Number of conveyancing firms continues to fall amid consolidation

Sommerville: Larger firms cannot rest on their laurels

The number of law firms involved in conveyancing has dropped below 4,000 for the first time for many years, according to new research.

The quarterly tracker survey produced by property data company Search Acumen also found that the top 1,000 conveyancers now control more than three-quarters of the market – again for the first time.

Land Registry figures showed that the total number of active conveyancing firms stood at 3,961, a decrease of 369 firms (9%) from five years ago and around 800 fewer than in 2011, when the figures were first released.

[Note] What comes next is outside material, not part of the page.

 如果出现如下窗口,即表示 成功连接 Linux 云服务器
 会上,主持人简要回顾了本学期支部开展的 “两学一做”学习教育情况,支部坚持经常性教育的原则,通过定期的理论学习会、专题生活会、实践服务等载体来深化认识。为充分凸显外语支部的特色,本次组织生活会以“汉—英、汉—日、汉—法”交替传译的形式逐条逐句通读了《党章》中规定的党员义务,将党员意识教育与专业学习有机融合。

The top 200 conveyancing firms took over 39% of the market, their biggest share yet, up from just under 32% in 2011.

However, the share of the market taken by the top five conveyancing firms has shrunk in the past five years, from over 8% to 5.5%.

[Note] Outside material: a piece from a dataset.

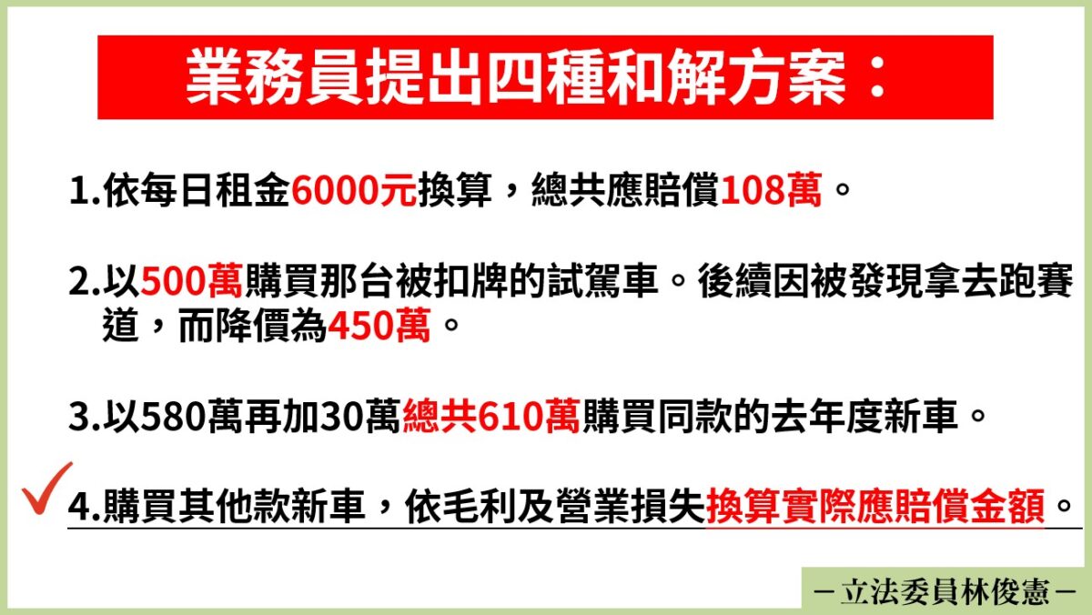 更令人訝異的是,這些資訊與一個月後正式寄出的罰單內容完全一致。由於超速逾40公里依法須吊扣車牌6個月,業務要求陳情人必須「買車或賠償」。據了解,業務給出4個賠償條件:

Search Acumen said ‘occasional conveyancers’ had been hit the hardest as the number of firms processing between one and five transactions a month was 230 firms or 14% down on five years ago.

The number of firms handling fewer than 50 transactions was also down – by 10% on five years ago to another all-time low.

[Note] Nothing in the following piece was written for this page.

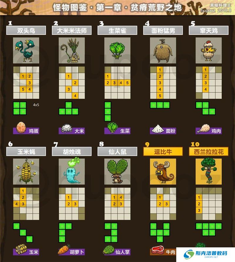 黑暗料理王中的怪物种类丰富多样,每种怪物都有其独特的特性和产出材料。

The tracker found a 4% drop in total quarterly conveyancing volumes “as Brexit uncertainty dampened transactions”.

Conveyancers processed just under 256,000 cases in the first quarter of this year, compared to over 267,000 last quarter, but volumes were still 4% up on the first quarter of 2017.

Search Acumen said the average number of transactions handled by firms this year, at 65, was up 11% on five years ago, as “fewer active firms are left competing for business”.

Andy Sommerville, director of Search Acumen, commented: “The consolidation of the market continues in conveyancing. However, while larger firms are processing a higher share of activity, it would be a mistake for them to rest on their laurels.

“As smaller firms that tend to operate on a more local scale are increasingly squeezed out of the market, we risk seeing a consequent fallout of their specialist knowledge.”

Mr Sommerville said technology, including efforts by the government to digitise property data, could play a “crucial role” in compensating for this.

“Our analysis shows that average number of cases conveyancing firms dealt with in Q1 2019 still remains relatively healthy even in the face of market headwinds. However, going forward we expect a prevailing sense of uncertainty until the ongoing political fog lifts across the UK.”